▶ _Entries shown_
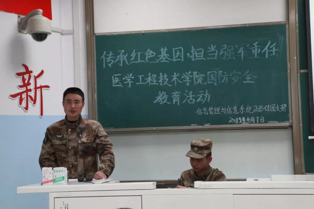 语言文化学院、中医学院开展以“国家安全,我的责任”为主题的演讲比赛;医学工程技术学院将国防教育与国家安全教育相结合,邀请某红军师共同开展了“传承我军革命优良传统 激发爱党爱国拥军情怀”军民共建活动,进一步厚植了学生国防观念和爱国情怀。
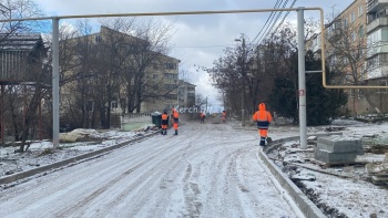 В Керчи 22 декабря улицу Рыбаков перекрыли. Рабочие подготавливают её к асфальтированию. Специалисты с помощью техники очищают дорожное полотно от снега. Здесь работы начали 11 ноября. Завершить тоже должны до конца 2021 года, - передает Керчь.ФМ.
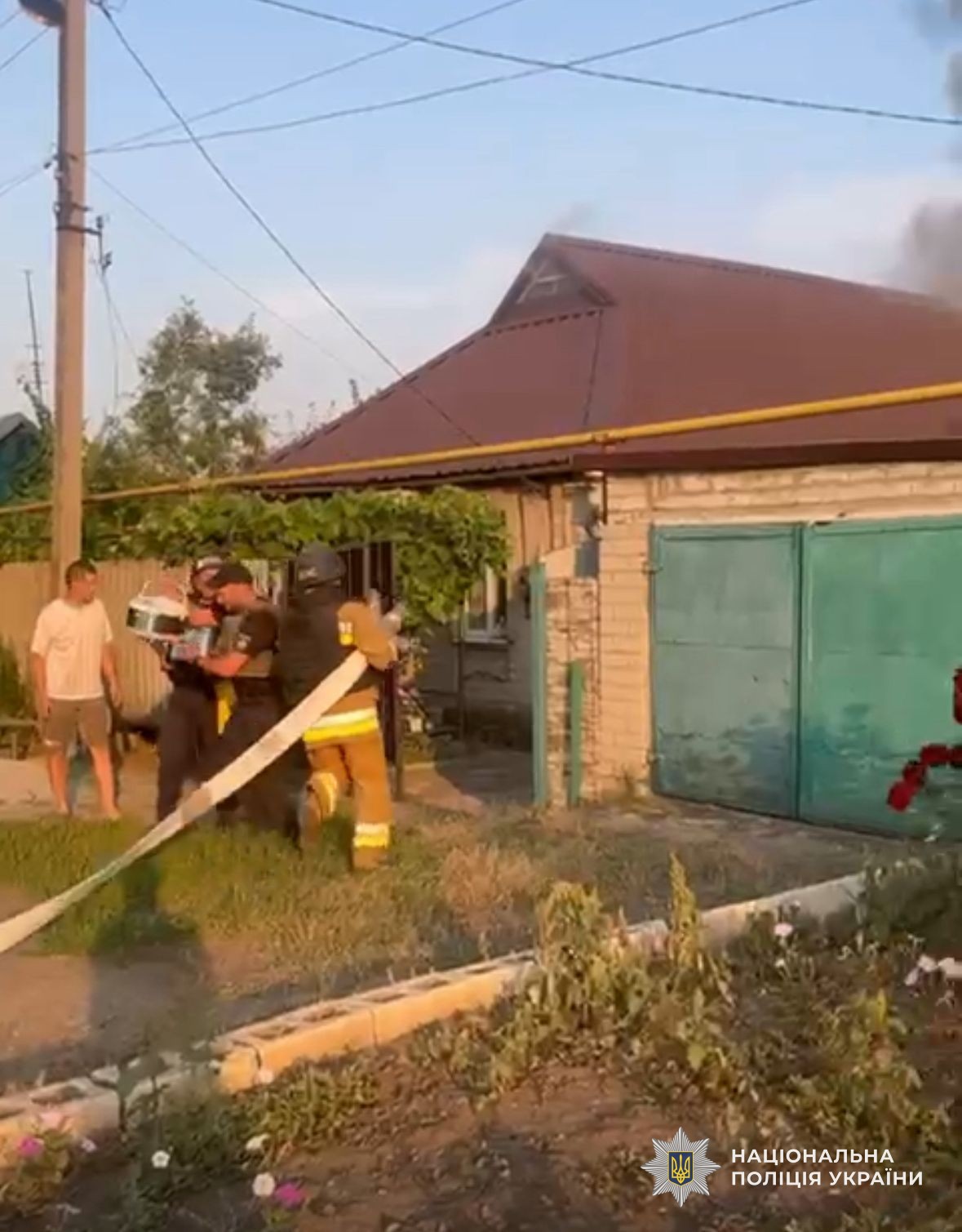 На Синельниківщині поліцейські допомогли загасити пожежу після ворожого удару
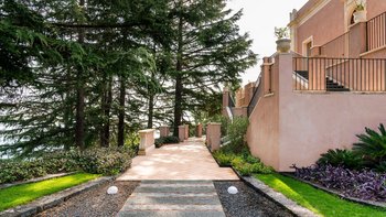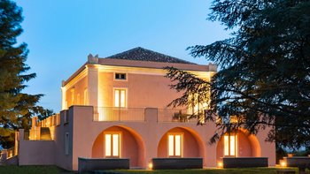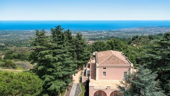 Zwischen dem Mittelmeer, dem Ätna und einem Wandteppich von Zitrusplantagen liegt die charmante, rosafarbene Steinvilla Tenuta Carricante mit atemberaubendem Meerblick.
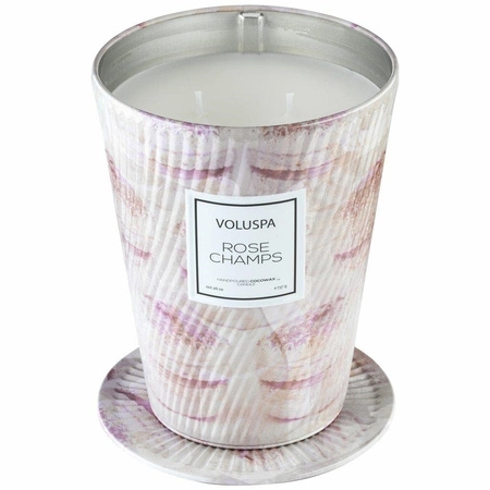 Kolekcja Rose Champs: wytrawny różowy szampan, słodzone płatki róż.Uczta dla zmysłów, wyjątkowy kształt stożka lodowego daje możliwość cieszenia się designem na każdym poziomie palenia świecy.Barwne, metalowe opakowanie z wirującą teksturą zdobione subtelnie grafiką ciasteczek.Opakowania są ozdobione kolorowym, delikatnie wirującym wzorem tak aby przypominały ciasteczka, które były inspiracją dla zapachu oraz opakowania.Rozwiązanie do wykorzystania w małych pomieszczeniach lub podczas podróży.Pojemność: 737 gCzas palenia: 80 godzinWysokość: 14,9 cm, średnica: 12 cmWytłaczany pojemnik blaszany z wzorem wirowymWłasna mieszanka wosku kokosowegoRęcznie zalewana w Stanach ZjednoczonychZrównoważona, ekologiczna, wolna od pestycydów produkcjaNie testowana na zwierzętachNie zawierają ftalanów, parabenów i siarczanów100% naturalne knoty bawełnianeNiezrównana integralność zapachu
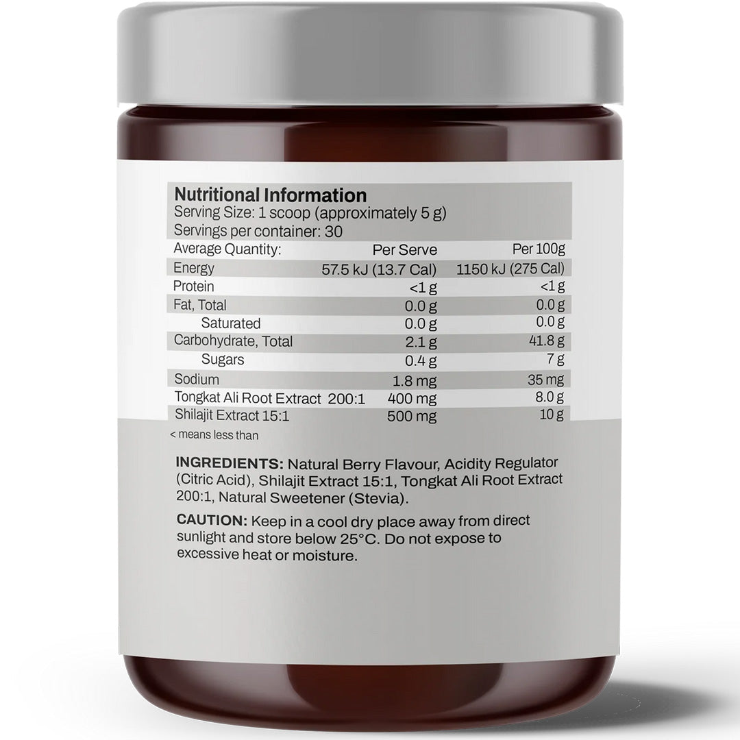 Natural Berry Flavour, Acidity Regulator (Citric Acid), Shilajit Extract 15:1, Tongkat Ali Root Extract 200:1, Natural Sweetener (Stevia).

* * *

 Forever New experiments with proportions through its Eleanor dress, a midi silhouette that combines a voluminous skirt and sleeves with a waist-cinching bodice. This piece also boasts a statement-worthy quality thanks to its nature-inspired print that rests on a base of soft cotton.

▶ _Exercise_
From the records above, give again only the part that opens with the line containing "语言文化学院、中医学院开展以" and closes with the line containing "Zwischen dem Mittelmeer, dem". Keep both ends but drop the pictures.

▶ _Solution_
 语言文化学院、中医学院开展以“国家安全,我的责任”为主题的演讲比赛;医学工程技术学院将国防教育与国家安全教育相结合,邀请某红军师共同开展了“传承我军革命优良传统 激发爱党爱国拥军情怀”军民共建活动,进一步厚植了学生国防观念和爱国情怀。
 В Керчи 22 декабря улицу Рыбаков перекрыли. Рабочие подготавливают её к асфальтированию. Специалисты с помощью техники очищают дорожное полотно от снега. Здесь работы начали 11 ноября. Завершить тоже должны до конца 2021 года, - передает Керчь.ФМ.
 На Синельниківщині поліцейські допомогли загасити пожежу після ворожого удару
 Zwischen dem Mittelmeer, dem Ätna und einem Wandteppich von Zitrusplantagen liegt die charmante, rosafarbene Steinvilla Tenuta Carricante mit atemberaubendem Meerblick.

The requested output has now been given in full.